(About this exercise) Please set down only the lines below starting with the line with "5. Enter your" and going on through the line with "Женские ультракороткие теплые", verbatim and without pictures.

(Records shown)
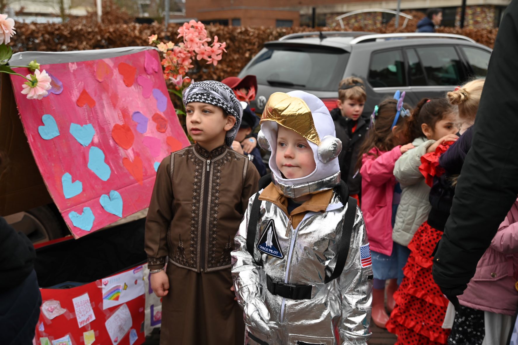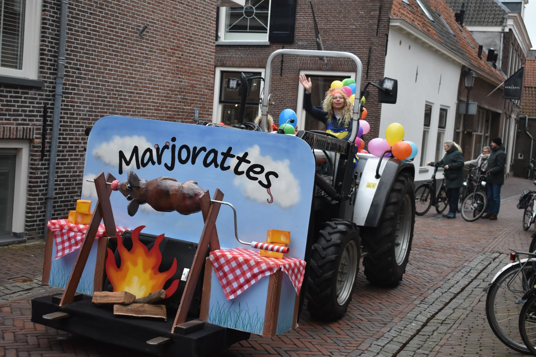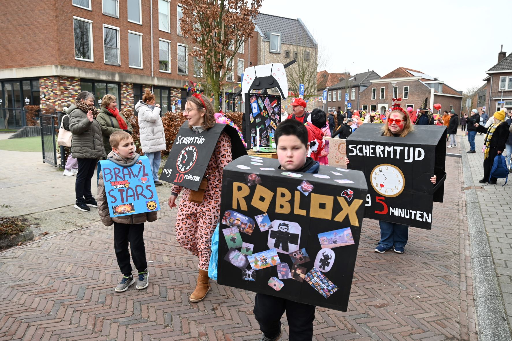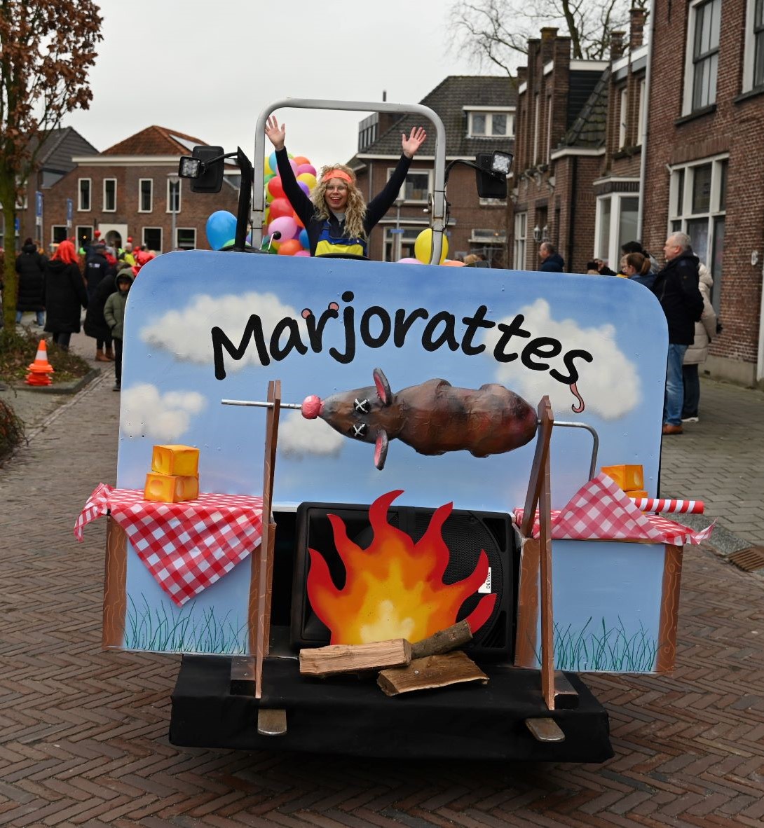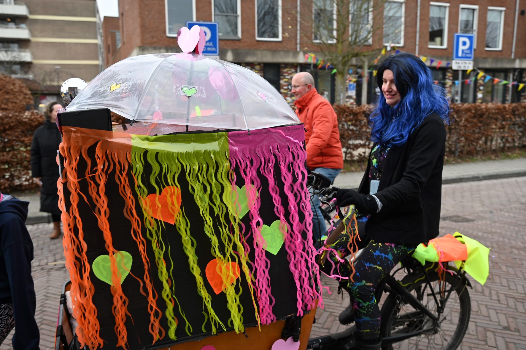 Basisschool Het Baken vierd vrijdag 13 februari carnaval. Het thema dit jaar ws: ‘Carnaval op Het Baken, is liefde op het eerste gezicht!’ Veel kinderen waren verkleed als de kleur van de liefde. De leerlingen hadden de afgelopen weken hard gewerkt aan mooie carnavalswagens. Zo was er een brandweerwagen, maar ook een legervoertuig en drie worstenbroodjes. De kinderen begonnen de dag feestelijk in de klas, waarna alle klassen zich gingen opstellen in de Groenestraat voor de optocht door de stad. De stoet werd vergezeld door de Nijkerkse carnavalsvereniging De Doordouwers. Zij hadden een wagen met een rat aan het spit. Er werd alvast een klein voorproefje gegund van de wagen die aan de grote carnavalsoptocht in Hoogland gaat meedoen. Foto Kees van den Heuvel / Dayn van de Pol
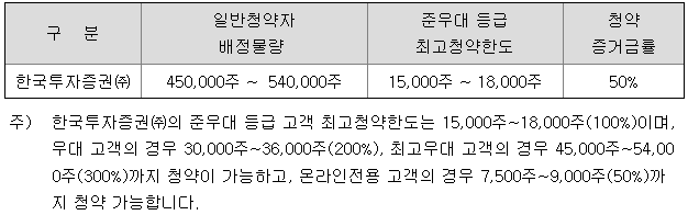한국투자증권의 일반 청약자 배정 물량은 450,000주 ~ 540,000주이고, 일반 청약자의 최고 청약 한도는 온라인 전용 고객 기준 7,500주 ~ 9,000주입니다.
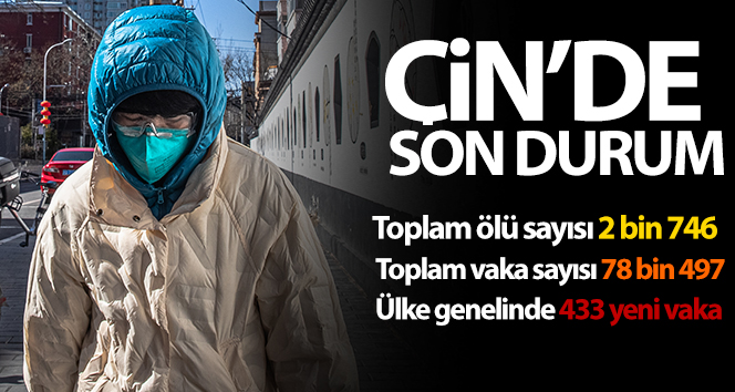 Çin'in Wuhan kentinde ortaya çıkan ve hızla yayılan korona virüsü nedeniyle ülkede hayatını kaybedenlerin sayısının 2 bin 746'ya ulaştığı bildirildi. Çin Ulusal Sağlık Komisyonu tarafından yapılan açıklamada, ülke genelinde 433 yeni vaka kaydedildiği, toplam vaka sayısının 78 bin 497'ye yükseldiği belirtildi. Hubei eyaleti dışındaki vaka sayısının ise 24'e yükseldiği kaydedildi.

--

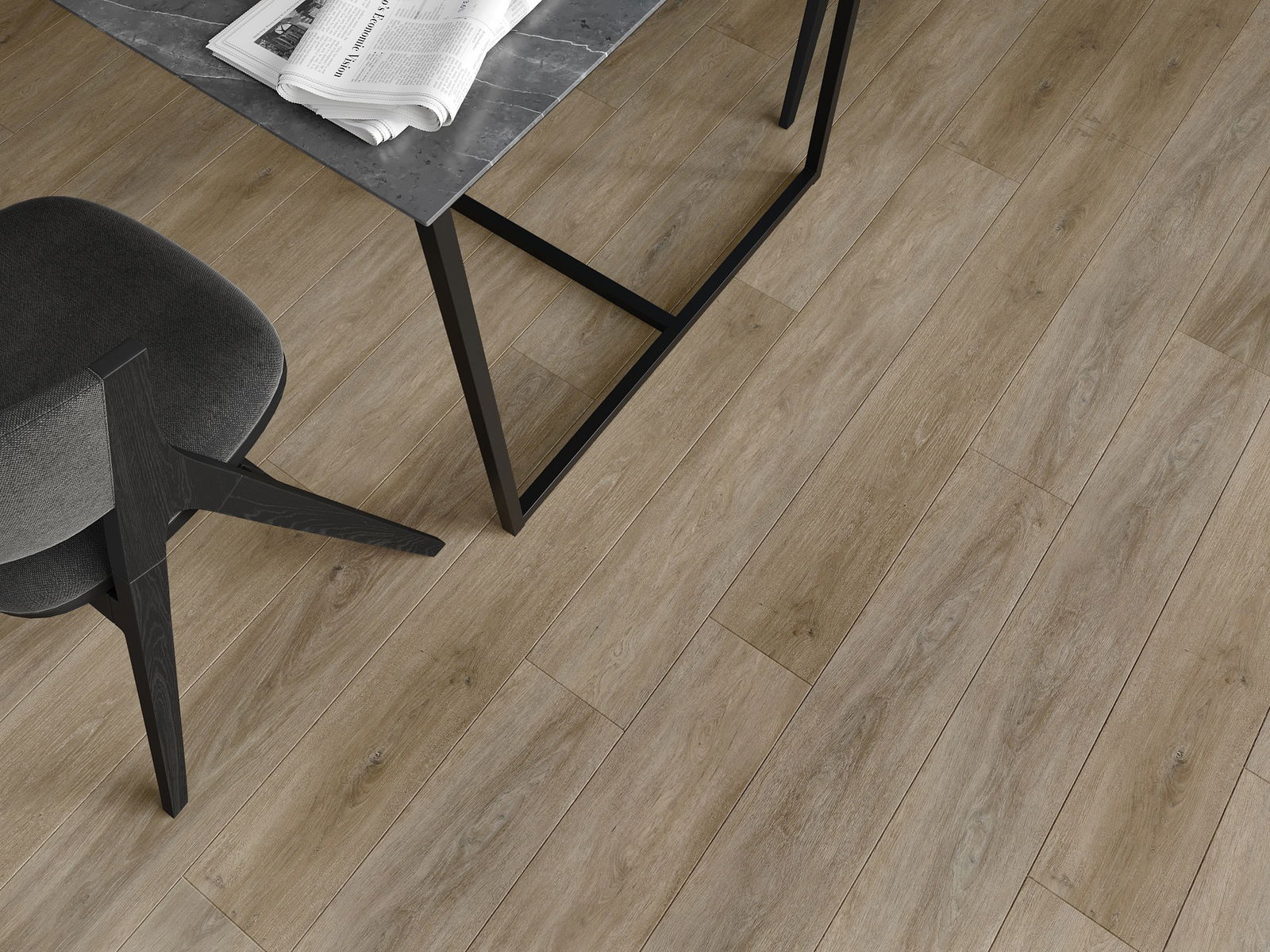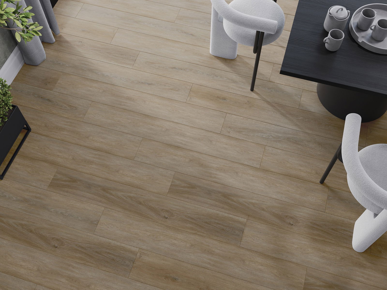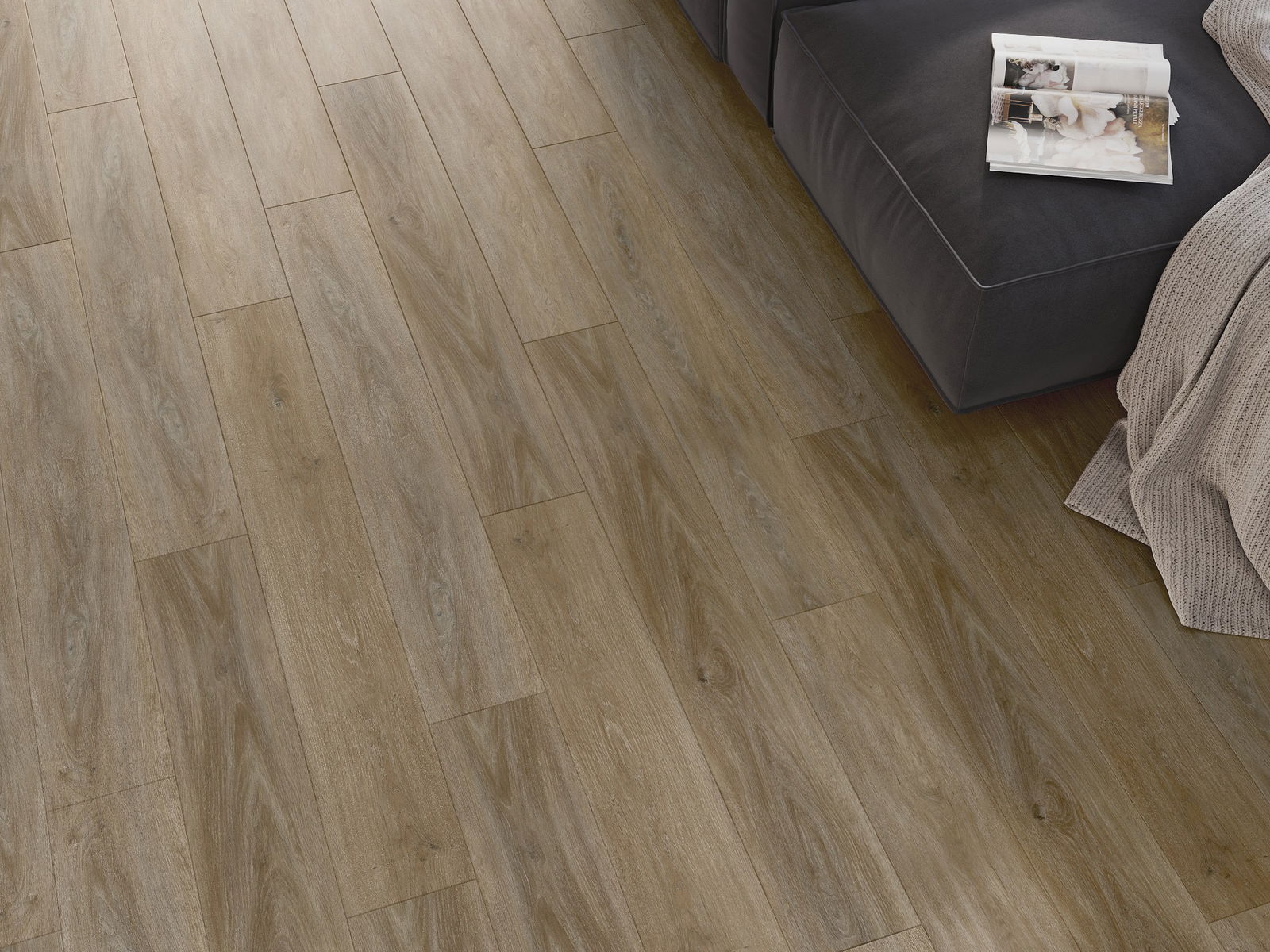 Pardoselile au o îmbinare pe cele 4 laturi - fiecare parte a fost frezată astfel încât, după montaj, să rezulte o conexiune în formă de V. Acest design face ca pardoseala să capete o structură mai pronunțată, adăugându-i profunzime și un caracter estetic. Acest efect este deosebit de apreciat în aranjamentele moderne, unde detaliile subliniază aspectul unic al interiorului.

* * *

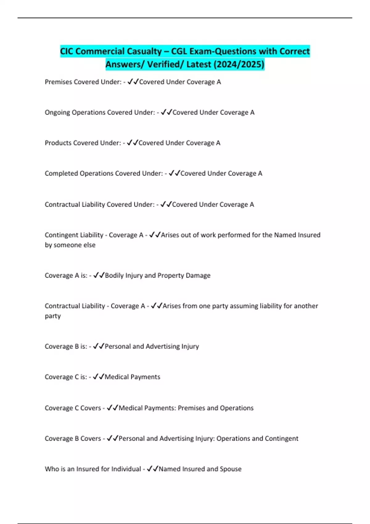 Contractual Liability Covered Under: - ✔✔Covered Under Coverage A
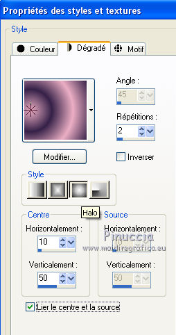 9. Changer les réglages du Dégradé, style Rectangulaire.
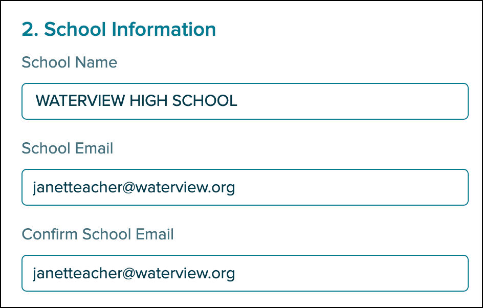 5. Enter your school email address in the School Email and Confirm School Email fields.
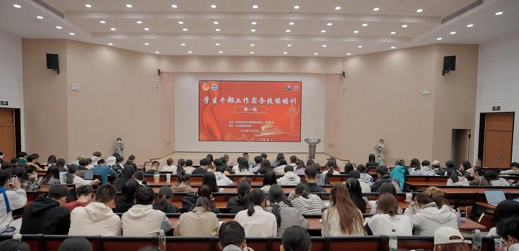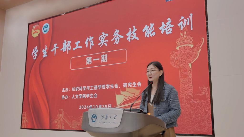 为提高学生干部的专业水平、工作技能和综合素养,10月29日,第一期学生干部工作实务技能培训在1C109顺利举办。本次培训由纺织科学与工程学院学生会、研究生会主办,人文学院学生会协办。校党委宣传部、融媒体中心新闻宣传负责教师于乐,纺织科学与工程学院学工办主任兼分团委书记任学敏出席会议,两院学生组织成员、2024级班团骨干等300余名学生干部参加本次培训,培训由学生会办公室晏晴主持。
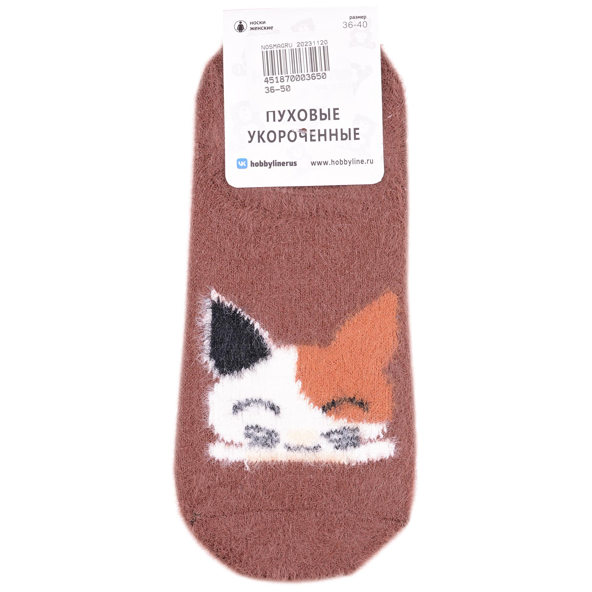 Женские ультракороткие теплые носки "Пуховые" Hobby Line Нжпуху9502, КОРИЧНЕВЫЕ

(Answer to this task)
 5. Enter your school email address in the School Email and Confirm School Email fields.
 为提高学生干部的专业水平、工作技能和综合素养,10月29日,第一期学生干部工作实务技能培训在1C109顺利举办。本次培训由纺织科学与工程学院学生会、研究生会主办,人文学院学生会协办。校党委宣传部、融媒体中心新闻宣传负责教师于乐,纺织科学与工程学院学工办主任兼分团委书记任学敏出席会议,两院学生组织成员、2024级班团骨干等300余名学生干部参加本次培训,培训由学生会办公室晏晴主持。
 Женские ультракороткие теплые носки "Пуховые" Hobby Line Нжпуху9502, КОРИЧНЕВЫЕ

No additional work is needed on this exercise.